Ok, this isn't the first time you've seen it, and it probably won't be the last. I didn't think it up, so I really don't deserve a lot of credit. This is just also cool. A few comments from the first posting of this article motivated me to include a window finder tool, just like Spy++.

So anyway, here's what's up. Just open the spy window, and left click and drag out the finder tool over any window. If you haven't figured it out by now, that everything you see is a window, whether it's a button or ListView, it's got a window handle. I guess that's why it's called Windows, and not GUIWidgets or something eh?

The code is pretty simple. It just uses the SetCapture/ReleaseCapture APIs to snag the mouse movements in or out of the spy window, as long as one of the mouse buttons are down. I went with the standard left-click-drag-over-a-window technique most of us are familiar with because of Spy++. I tried to mimic it as close as I could, but hey, this was a quick hack in the last two nights, so don't flame the crap out of me because it's not perfect.

The window highlighting was pretty simple too, just snagged the device context from the window under the cursor, and drew a rectangle around it. When the highlighting is done, it just forces the window to redraw itself with a few other handy APIs.

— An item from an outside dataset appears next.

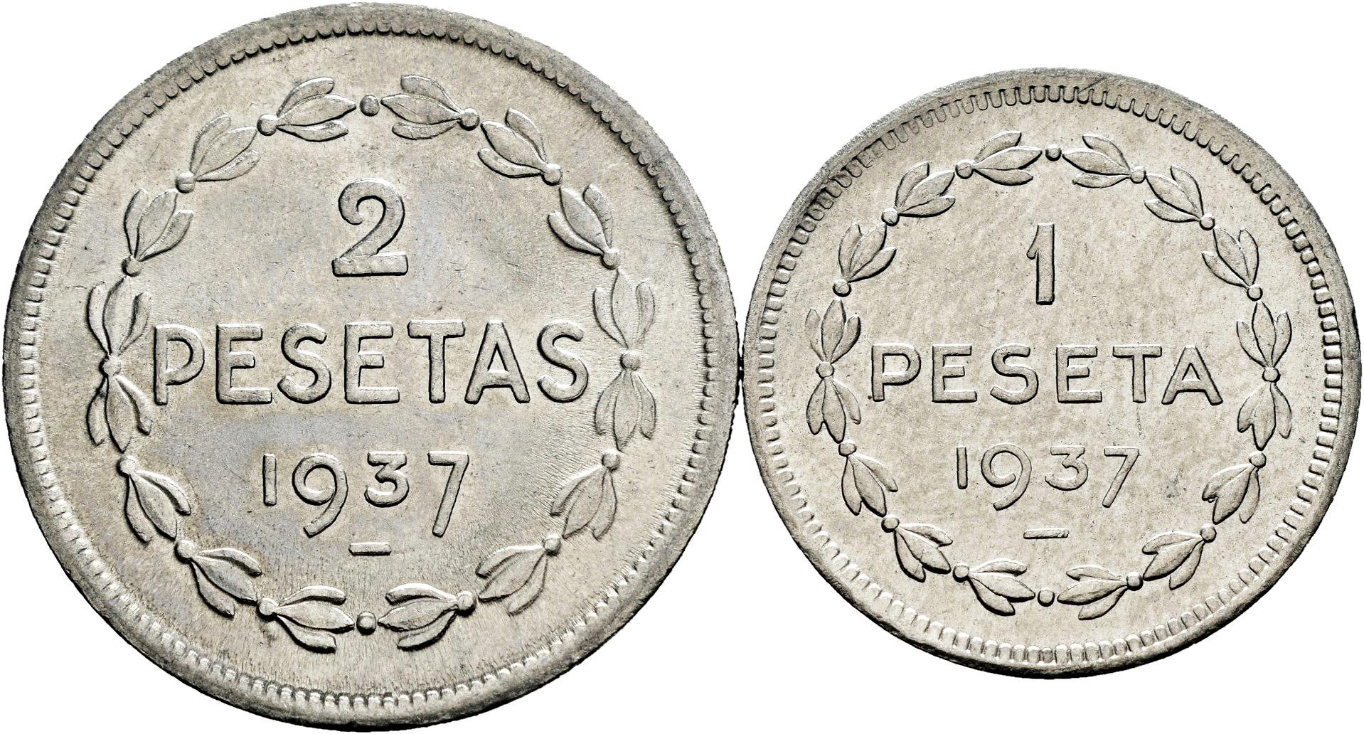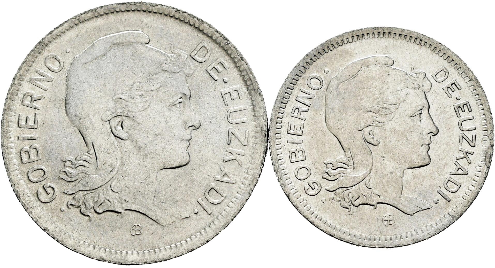 Guerra Civil (1936-1939). Serie completa. 1937. Euzkadi. (Cal-14-15). Ni. 1 y 2 pesetas. SC-/SC. Est...25,00.

The window highlighting was by far the most interesting bit of the code, as Spy++ has always fascinated me, leaving me with countless hours of my coding life spent "highlighting" windows around on the desktop just to see that stupid rectangle show me where the window was that I was hovering over. Try it out, it's pretty fun for some reason to get a look at how various windows are composed of child windows.

Understanding the Sample

The sample code provides a mixture of GDI and GDI+ methods. All of the Windows APIs have been declared in the Win32.cs class. Stay out of there if you are squeamish. Nothing but declarations and other fun things for the guys that like that sort of thing.

The real fun code is in the ScreenCapturing class. If you want to play around, try changing the main form's icon and see what is returned. Or try saving the images to a file. The main focus of the article was to help you understand how taking screen captures can be accomplished. For some, this is no big news, for others just starting out, this kind of a thing was big fun, but always seemed like I couldn't find any good examples to learn from. I hope, this will shed some light on this subject if it was dark and mysterious before!

Enjoy the code, and give me a shout if you like it! Maybe even a vote or two, a little thanks goes a long way in motivating me to write more articles! Thanks for reading!

History

Sometime in Februrary 2005 I posted the article.
Sometime in March 2005 I updated it.